The lines from the one holding "L’operazione è stata" to the final line of the listing below are to be duplicated exactly, with both ends included and pictures omitted.

◆ Entries supplied
== == ==
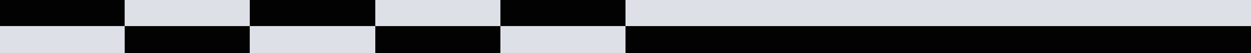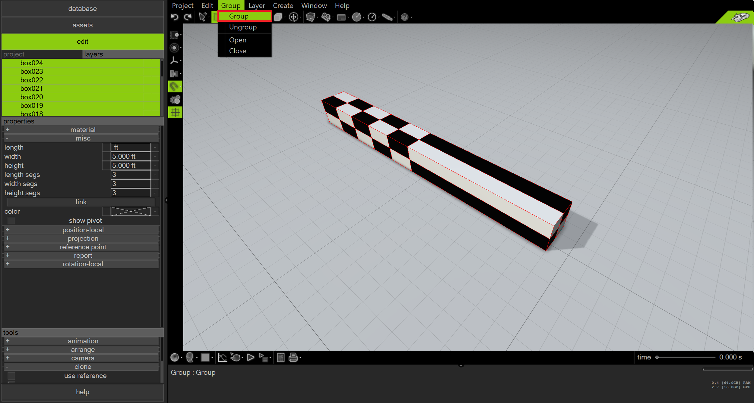 First, create an arrangement of box objects with alternating black and white colors. Use grid point snapping to easily arrange the boxes at regular intervals. Below, we show five boxes, each with a length of 10 ft, arranged next to one box with a length of 25 ft. Four such arrangements are created by cloning and then positioned as shown below.
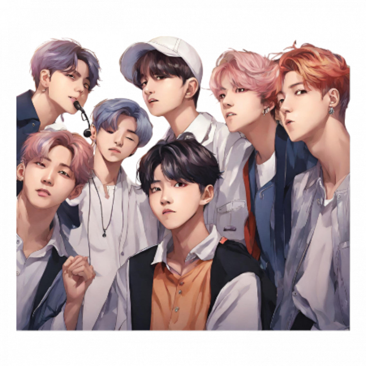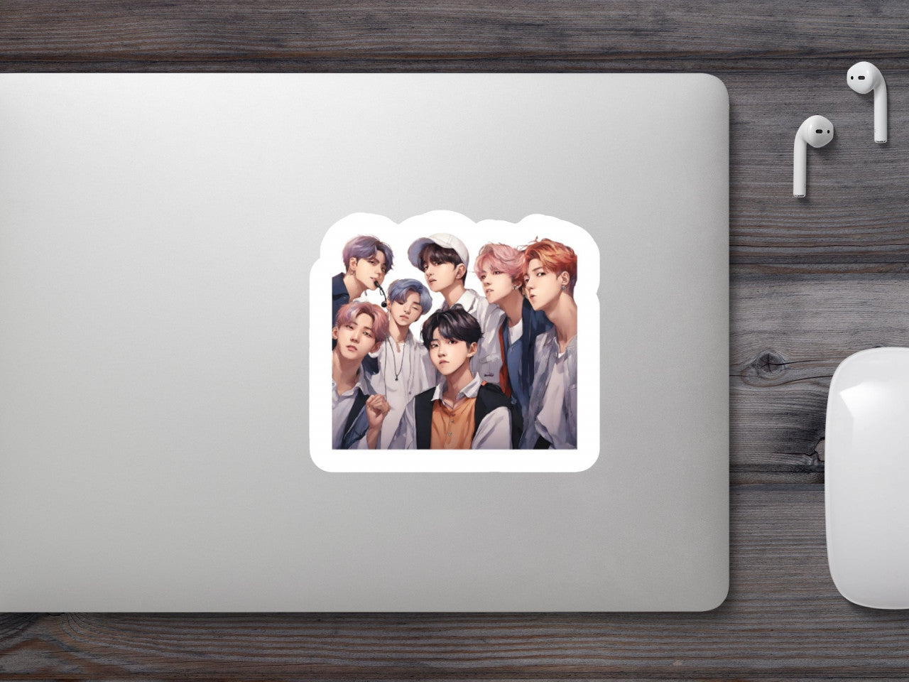 Set 5 bucati, Sticker decorativ, Trupa BTS, Rezistent la apa, NO8070, 6 cm, Multicolor
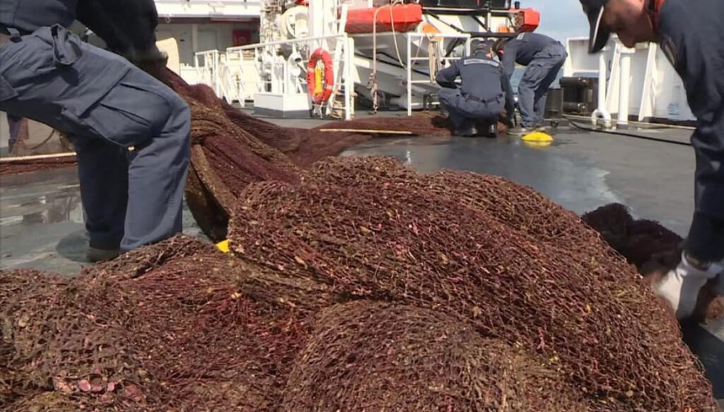 L’operazione è stata resa possibile grazie alla segnalazione dell’Area Marina Protetta e a un lungo lavoro preparatorio. La Nave Gregoretti, insieme ai subacquei specializzati, ha effettuato il recupero in sicurezza, riportando in superficie l’intera rete e rimuovendo così una fonte di inquinamento invisibile ma estremamente dannosa.
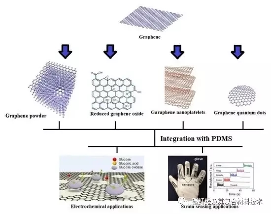 此外,还有一些导电聚合物,例如聚苯胺(PANI)、聚乙炔(PA)、聚吡咯(PPy)和聚(3,4-乙烯二氧噻吩)聚苯乙烯磺酸盐(PEDOT:PSS),它们需要极少量甚至不需要金属纳米颗粒来形成导电通路。在上述聚合物中,聚二甲基硅氧烷(PDMS)性质相似,两者都具有化学惰性、光学透明、疏水性,且大多具有生物相容性,因此PDMS与石墨烯形成复合材料的材料。此外,已知PDMS与纳米填料形成强界面结合。这些复合材料可以为目前可用的健康手环、葡萄糖传感器和智能手表增加新的维度,用于监测人体生理状态的响应性和准确性。
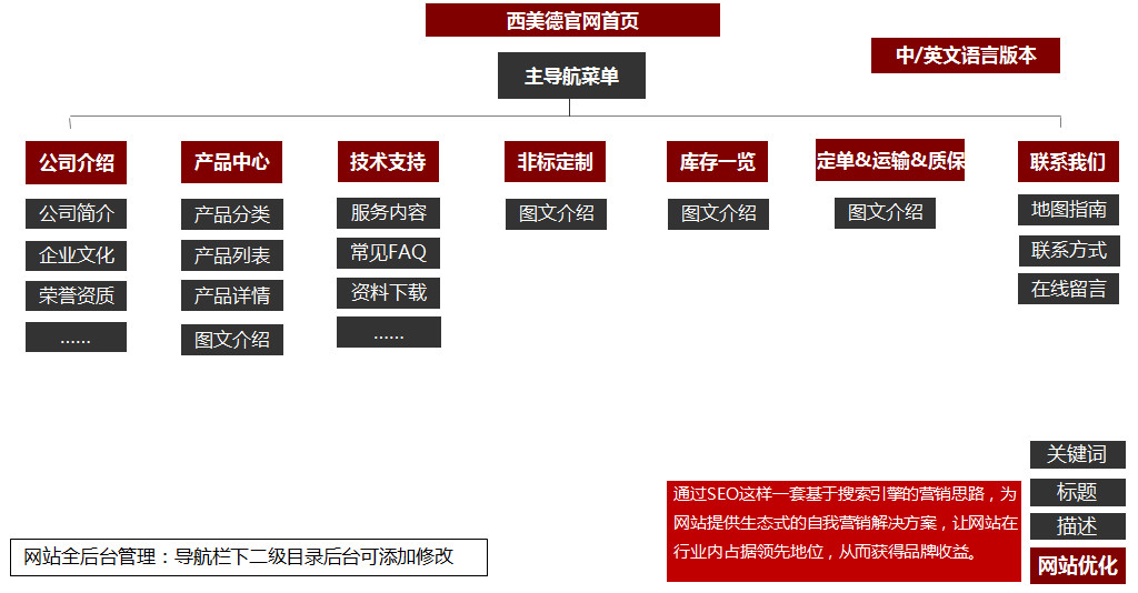福田網(wǎng)站建設(shè)公司網(wǎng)聯(lián)科技很榮幸為西美德貿(mào)易(深圳)有限公司提供企業(yè)官網(wǎng)網(wǎng)站建設(shè)開(kāi)發(fā)服務(wù),該網(wǎng)站類型為展示型的pc端網(wǎng)站開(kāi)發(fā),共中英文兩個(gè)版本企業(yè)官網(wǎng)。
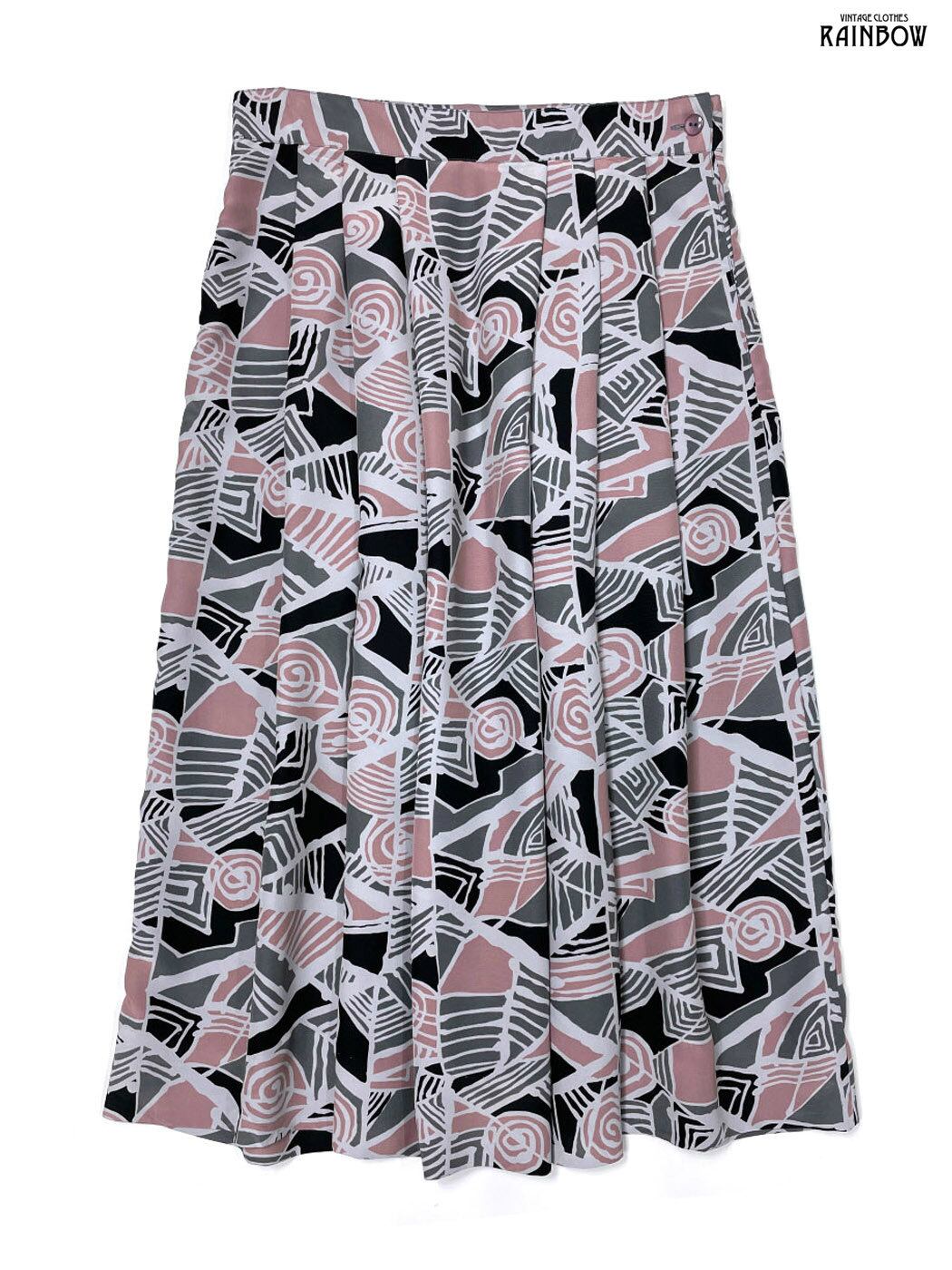 #スカート #ロング丈 #フレア #ピンク#グレー #総柄 #アメリカ製 #柄スカート
== == ==
◆ The answer
 L’operazione è stata resa possibile grazie alla segnalazione dell’Area Marina Protetta e a un lungo lavoro preparatorio. La Nave Gregoretti, insieme ai subacquei specializzati, ha effettuato il recupero in sicurezza, riportando in superficie l’intera rete e rimuovendo così una fonte di inquinamento invisibile ma estremamente dannosa.
 此外,还有一些导电聚合物,例如聚苯胺(PANI)、聚乙炔(PA)、聚吡咯(PPy)和聚(3,4-乙烯二氧噻吩)聚苯乙烯磺酸盐(PEDOT:PSS),它们需要极少量甚至不需要金属纳米颗粒来形成导电通路。在上述聚合物中,聚二甲基硅氧烷(PDMS)性质相似,两者都具有化学惰性、光学透明、疏水性,且大多具有生物相容性,因此PDMS与石墨烯形成复合材料的材料。此外,已知PDMS与纳米填料形成强界面结合。这些复合材料可以为目前可用的健康手环、葡萄糖传感器和智能手表增加新的维度,用于监测人体生理状态的响应性和准确性。
福田網(wǎng)站建設(shè)公司網(wǎng)聯(lián)科技很榮幸為西美德貿(mào)易(深圳)有限公司提供企業(yè)官網(wǎng)網(wǎng)站建設(shè)開(kāi)發(fā)服務(wù),該網(wǎng)站類型為展示型的pc端網(wǎng)站開(kāi)發(fā),共中英文兩個(gè)版本企業(yè)官網(wǎng)。
 #スカート #ロング丈 #フレア #ピンク#グレー #総柄 #アメリカ製 #柄スカート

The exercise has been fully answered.